--- Provided data ---

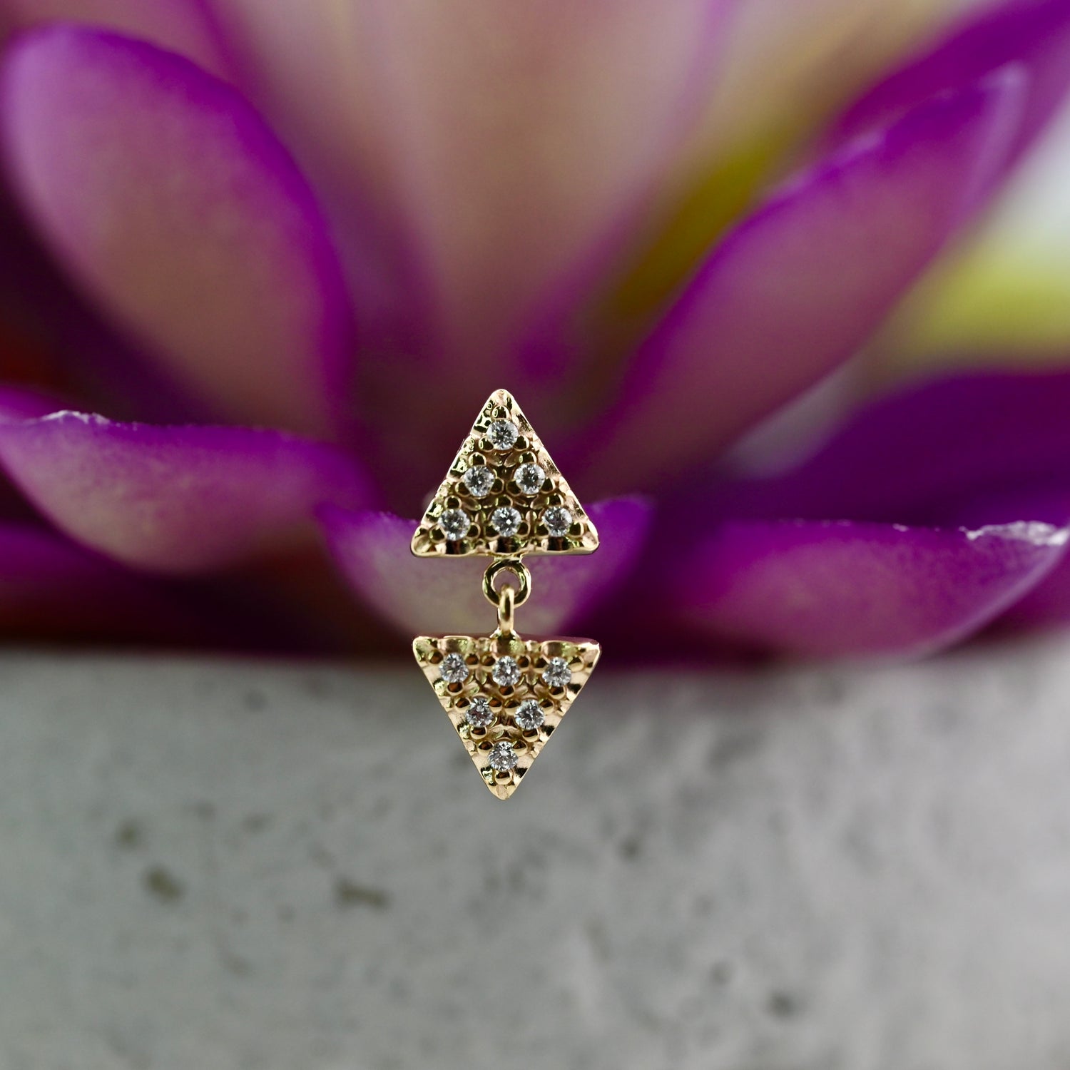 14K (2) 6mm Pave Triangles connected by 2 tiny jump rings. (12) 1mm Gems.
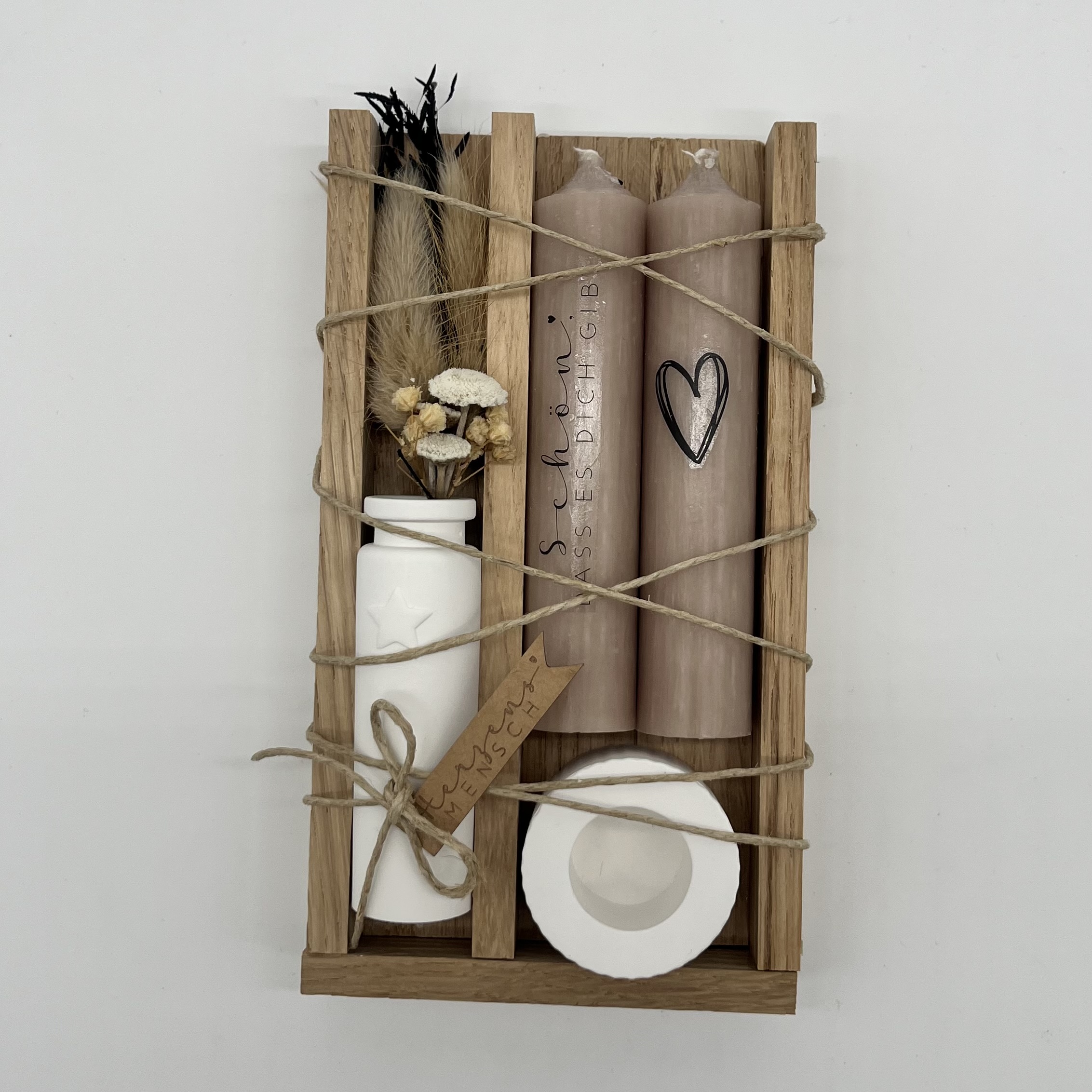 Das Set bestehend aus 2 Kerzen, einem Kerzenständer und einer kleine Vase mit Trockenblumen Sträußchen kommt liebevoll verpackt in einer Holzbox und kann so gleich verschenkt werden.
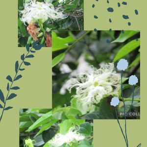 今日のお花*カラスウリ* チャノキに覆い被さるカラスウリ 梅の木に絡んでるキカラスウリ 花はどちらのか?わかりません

--- Task directions ---
Output the data above exactly; pictures do not belong in the copy.

--- Answer to this exercise ---
 14K (2) 6mm Pave Triangles connected by 2 tiny jump rings. (12) 1mm Gems.
 Das Set bestehend aus 2 Kerzen, einem Kerzenständer und einer kleine Vase mit Trockenblumen Sträußchen kommt liebevoll verpackt in einer Holzbox und kann so gleich verschenkt werden.
 今日のお花*カラスウリ* チャノキに覆い被さるカラスウリ 梅の木に絡んでるキカラスウリ 花はどちらのか?わかりません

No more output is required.